Отец уложил сына наземь, загнул ему руки назад и, выдернув из своих брюк ремень, связал их за спиною намертво. Встал, отряхнулся.
— Как ты сказал, сынок: лицом в землю? И чтобы пощады попросил? Ладно, будь по-твоему. Я подожду.
Ф-фу-у-у! Как нехорошо колотится сердце. И такой обильный пот с головы до пят обсыпал. Что значит тряхнуть стариной, елки-палки!
Да и в природе творится что-то неладное: солнце сквозь знойную дымку светит вполсилы, даже тени настоящей нет, а парит как на банном полке, когда сыпанешь на каменку ковша два воды.
Гриша долго лежал недвижно. Наконец вяло повернул лицо к отцу, тяжело вздохнул:
— Ладно, папка, пошутили…
Ага, папка все-таки!
— Просишь пощаду?
— Прошу… Отпусти…
— Ну, вставай нето.
Гриша на четвереньках откочевал в тень комбайна и сел там, потирая покрасневшие запястья. На лице его застыла великая обида. Знать бы, на кого — на себя или на отца?

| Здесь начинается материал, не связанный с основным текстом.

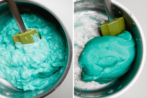 Para finalizar a sua massinha, quando a massa já estiver fria comece a amassá-la, acrescentando farinha de trigo aos poucos, até que pare de grudar nos dedos. E está pronto! Guarde em potinhos.
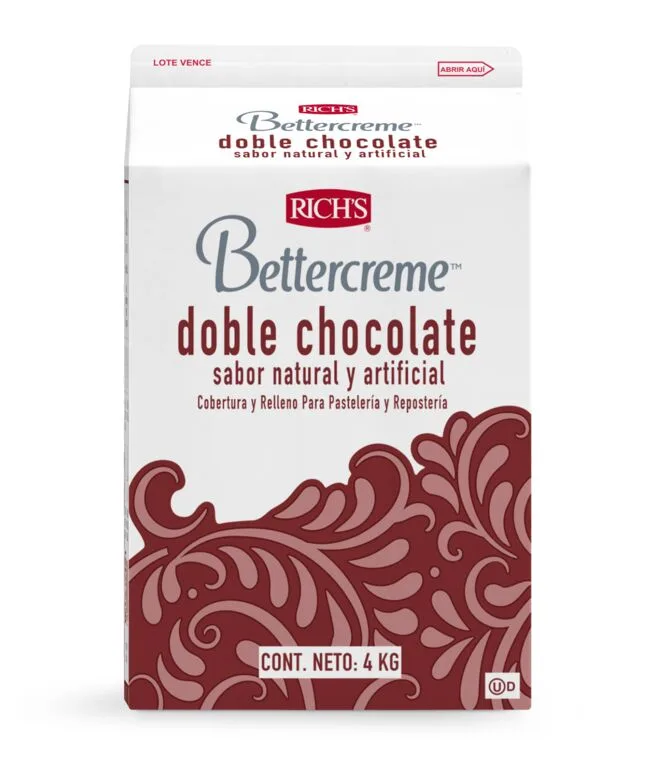 Crema vegetal líquida para batir, con sabor y aroma a chocolate intenso cremoso de textura suave, tersa y de fácil aplicación, estable a temperatura ambiente, ideal para cubrir, decorar y rellenar pasteles y postres.
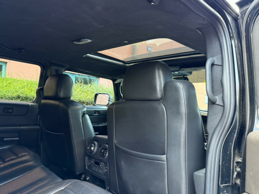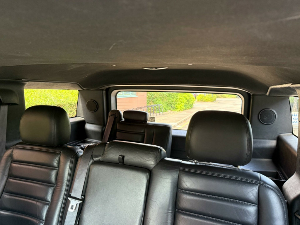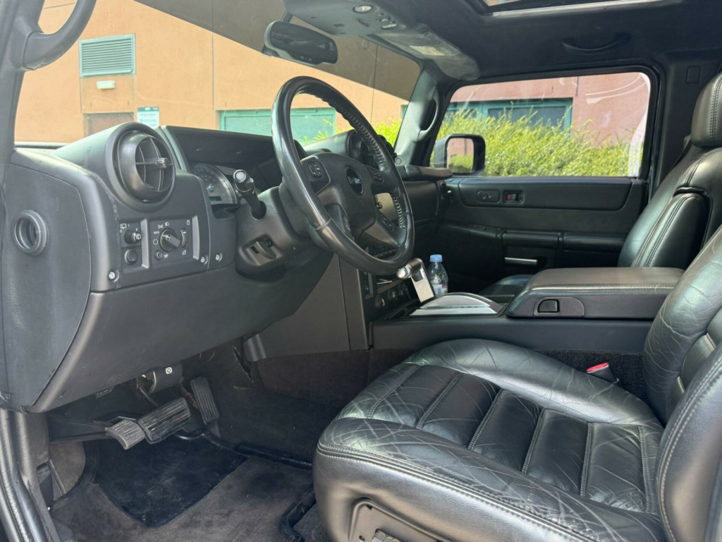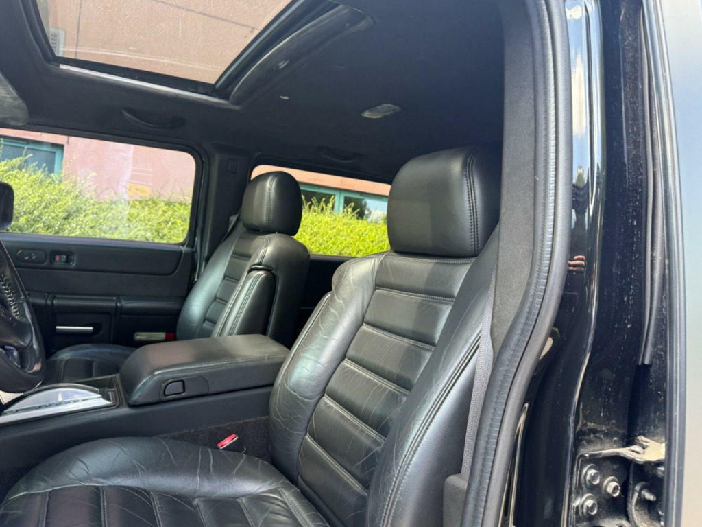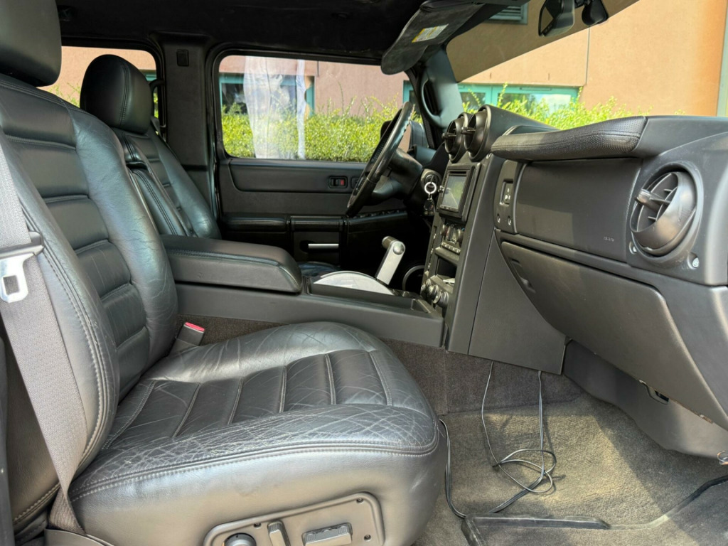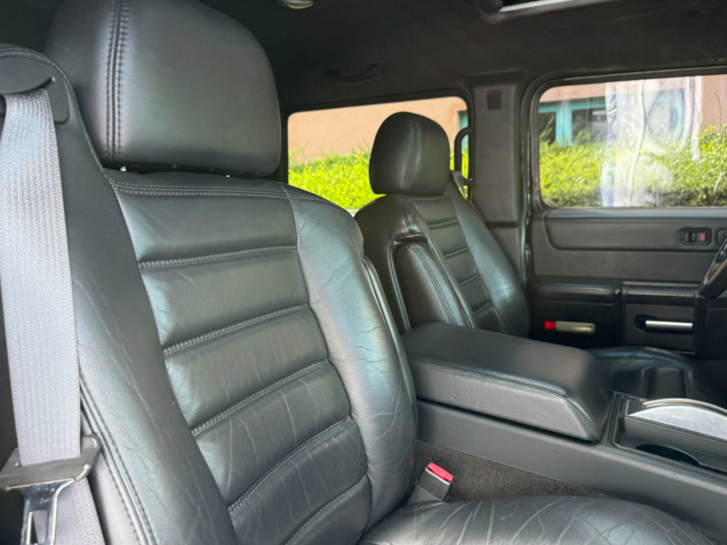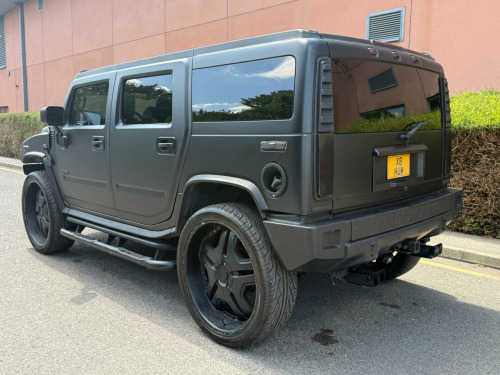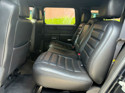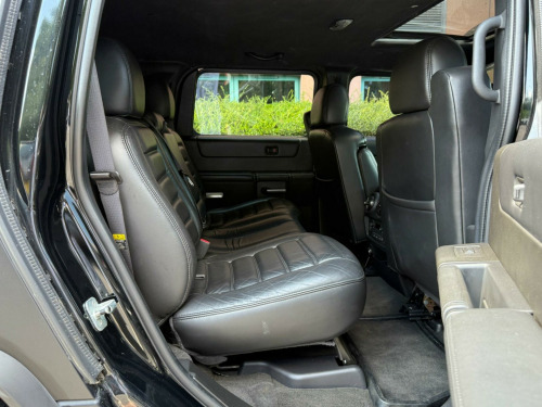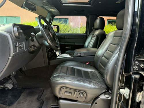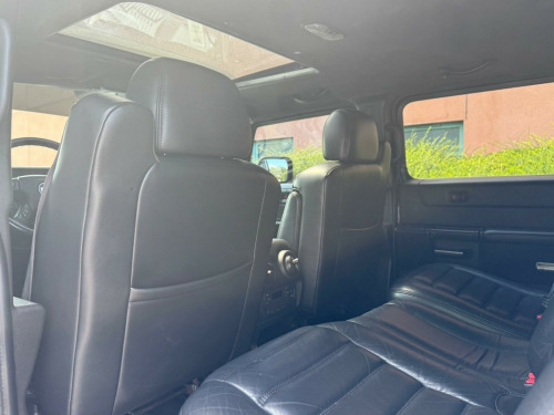 The 2004 Hummer H2 V8 Adventure is a robust four-wheel-drive vehicle. With its 6.2L petrol engine, this Hummer H2 Adventure trim offers a blend of ruggedness and distinctive styling.The Hummer H2's design makes it stand out on the road. The four-wheel-drive system enhances its capability on various terrains. This vehicle is a unique choice for those who appreciate a bold presence and dependable performance. justable steering column/wheel, air bag driver, air bag passenger, alarm, alloy wheels (17in), anti-lock brakes, armrest, ashtray/lighter, bumpers, central door locking, centre rear seat belt, child locks, climate control, cruise control, electric windows (front/rear), electronic stability programme, head air bags, head restraints, immobiliser, in car entertainment (radio/cd/mp3/dvd), mirrors external (electric/heated/folding/auto dimming), mirrors internal, power socket, power-assisted steering, seat - isofix anchorage point, seat belt pre-tensioners, seat height adjustment (electric driver/passenger), seats heated (driver/passenger/rear), seats split rear, spare wheel (full size), speakers, steering wheel leather, steering wheel mounted controls (audio), sunroof electric, traction control system, trip computer, upholstery leather

Потуже затягивая ремень на брюках, отец скучно, с одышкой говорил:
— Что, Гришок, удивляешься, откуда я знаю такие приемчики? Это из боевого самбо. И мне приходилось эдак-то укладывать в пачку фашистов. Ну, не совсем фашистов — так их прихвостней. Не тебе чета… Не слыхал от меня об этом? Тоже объяснимо. Чего я буду распространяться, коль за то не давали боевых наград? Доверили такое дело — вот и награда тебе…
Сын сонно-сонно повел лицо в сторону.
«Не-е-ет, ты не отворачивайся!» — хотел обозлиться Иван Васильевич, но пересилил себя.
Гриша сидел теперь, понурив голову. Был он сейчас ну прямо вылитый отец в его семнадцать лет, только нынешний, другой, улучшенной модели. Он молчал и, видно было, раскрывать рот не собирается.
«Переживает! — догадался Иван Васильевич. — Надо бы с ним помягче».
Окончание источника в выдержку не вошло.